At the same time, a serious reshuffling in the armed forces in Kaliningrad have taken place. The Russian media reported in the last days of June on the unprecedented decision of Russia’s Minister of Defence, Sergey Shoigu, to change the leadership of the Baltic Fleet. After the release of information about the dismissal of head commander vice-admiral Victor Kravchuk, and chief of staff counter admiral Sergey Popov for serious infringement, the media reported on the dismissal of the following 50 (sic!) high rank commanders and Baltic Fleet’s members of staff. It is worth noting that the Russian media highlighted that in previous similar situations, the Ministry of Defence did not inform the public about the reasons for such dismissals, instead running standards lines about medical problems or retirement. The Russian media also cited an excerpt from the statement published on the Ministry of Defence’s website, stating that the officials were not only dismissed from their positions, but dishonorably discharged for “serious infringement in the area of combat readiness” and “misrepresentation of the factual state” in reports on the condition and operation of the Baltic Fleet.
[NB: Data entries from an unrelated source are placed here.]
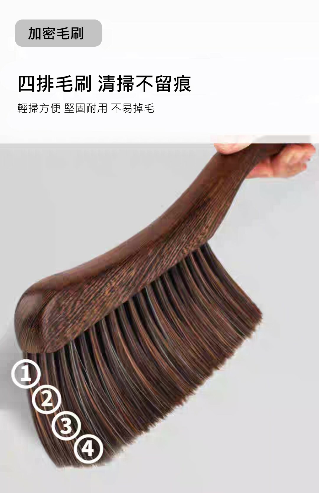 搭配超級柔順的四排刷毛 輕鬆清潔不傷表面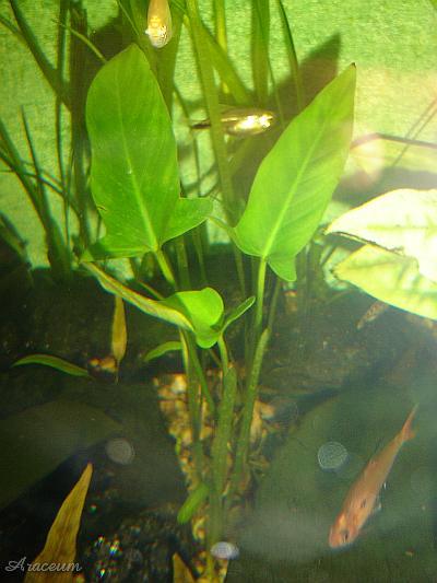 A paludous plant with leaves changing shape with age.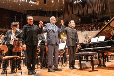 Pierre-Laurent Aimard, Helmut Lachenmann und Vladimir Jurowski (v.l.n.r.) nach dem RSB-Konzert mit Lachenmanns Ausklang - beim MUSIKFEST BERLIN 2025   Foto (C) Stefan Maria Rother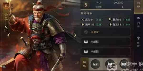 三国谋定天下黄盖培养攻略:基础信息: 闆質: 橙陣營: 吴兵种(bingzhong): 枪兵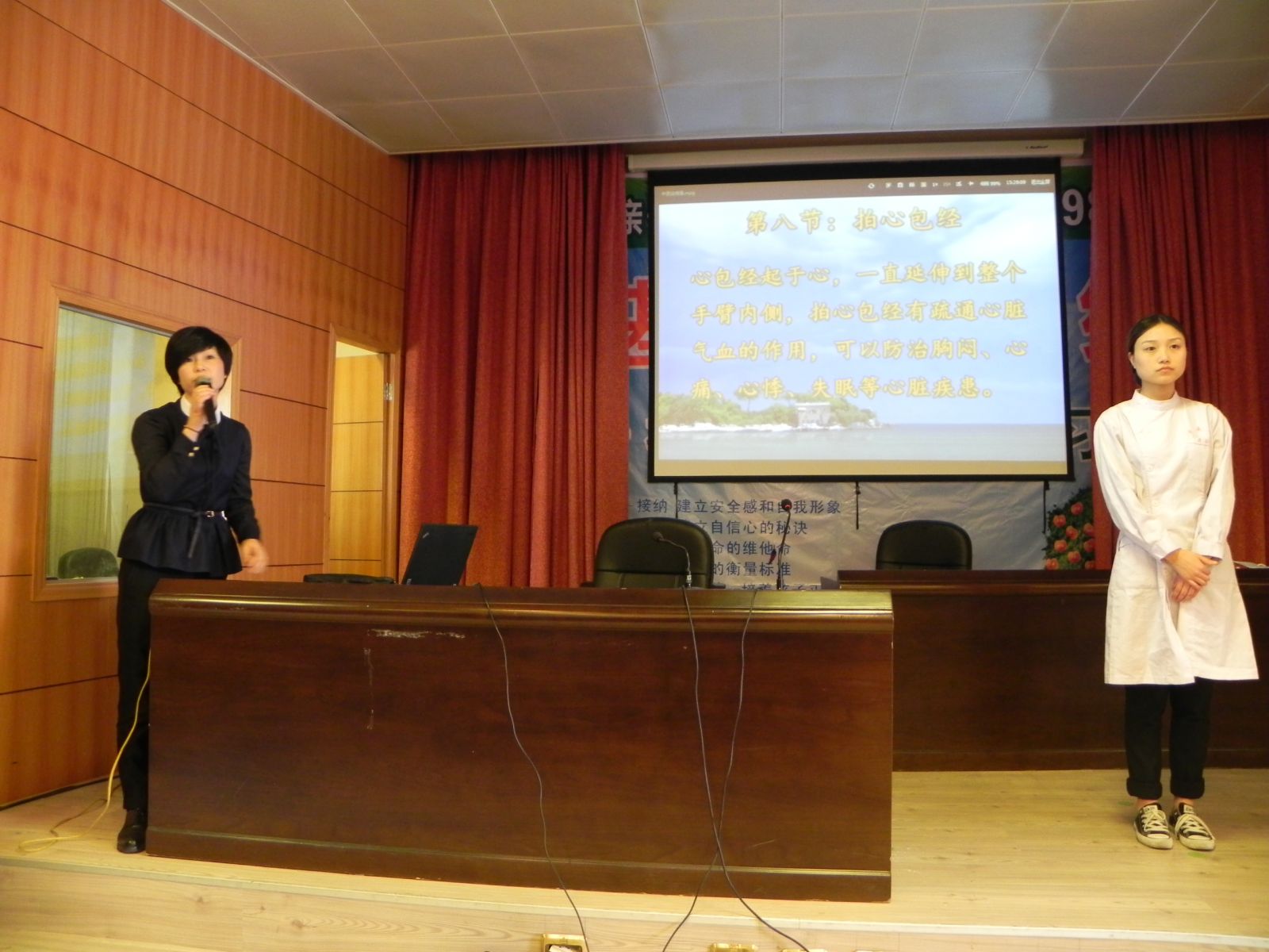 4月26日下午,我院2013年第六期健康大讲堂在永嘉县图书馆四楼会议室开讲。体检科副主任陈念昭作题为《中医体质与养生》的讲座,教大家如何进行中医体质辨识,讲解体质辨识如何有效地介入预防慢性病及亚健康,以及如何从现代人的生活角度来看养生保健。活动现场,让大家填写《中医体质辨识问卷》,能够更加了解自己的体质类型。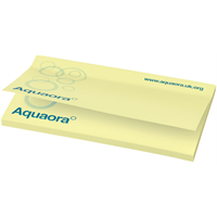 Sticky notes. Bevat vellen blanco papier van 80 g/m2. Standaard geleverd met 50 vellen, ook verkrijgbaar met 25 of 100 vellen. Decoratie in kleur mogelijk op elk blad. Afmetingen blad: 100x75mm. Papier, 80 g/m2.

The decision was made after the Council of Military Agencies’ session, headed by the Minister of Defence Sergey Shoigu. He justified the “purges” in the Baltic Fleet with the imperative to implement changes in light of the “unstable political and military situation in the western borders of the Russian Federation” and “the NATO-supported strengthening of the military potential of countries neighbouring Russia”. The atmosphere of scandal that accompanied the dismissals indicates that the Kaliningrad Oblast and its military potential is an important strategic area in case of confrontation with NATO. Moreover, Sergey Shoigu’s decision suggested that Russia’s armed forces might have entered the stage of crisis management, and that actions taken on the central level aim to consolidate control over the armed forces by replacing the military personnel with people trusted by the Kremlin.
It may be a coincidence, but in recent weeks the attention of observers and analysts alike has been focused on Moscow’s increased interest in the Kaliningrad’s Oblast. Recently Nikolay Patrushev, the secretary of the Security Council of the Russian Federation, visited Svetlogorsk on the Baltic Sea to discuss regional challenges to national security related to transport, energy, logistics and economy.
Kaliningrad was a Prussian “fortress city”. In 1968 Soviet authorities decided to destroy the ruins of Kaliningrad castle, calling it a symbol of Prussian militarism. In an irony of history, they subsequently built a fortress city in the very same place to checkmate NATO during the Cold War. Today, the Kaliningrad Oblast, like East Prussia in the past, may become a security threat for its neighbours and the wider region. Given the increased tensions between Russia and the West, often likened to the Cold War, there is a lack of options as to how to resolve the issue. Certainly, there is a lack of will on Russia’s part to relinquish an attractive, strategic bridgehead between two NATO member states, as the situation around the Baltic Fleet and the Kremlin’s recent rhetoric demonstrate.
Paulina Siegień is an ethnographer, Russian philologist and translator. She is a graduate of the Centre for East European Studies at the University of Warsaw and is currently doing her PhD at the Faculty of Languages, University of Gdańsk. She reports from the Kaliningrad Oblast for Gazeta Wyborcza Trójmiasto and other media.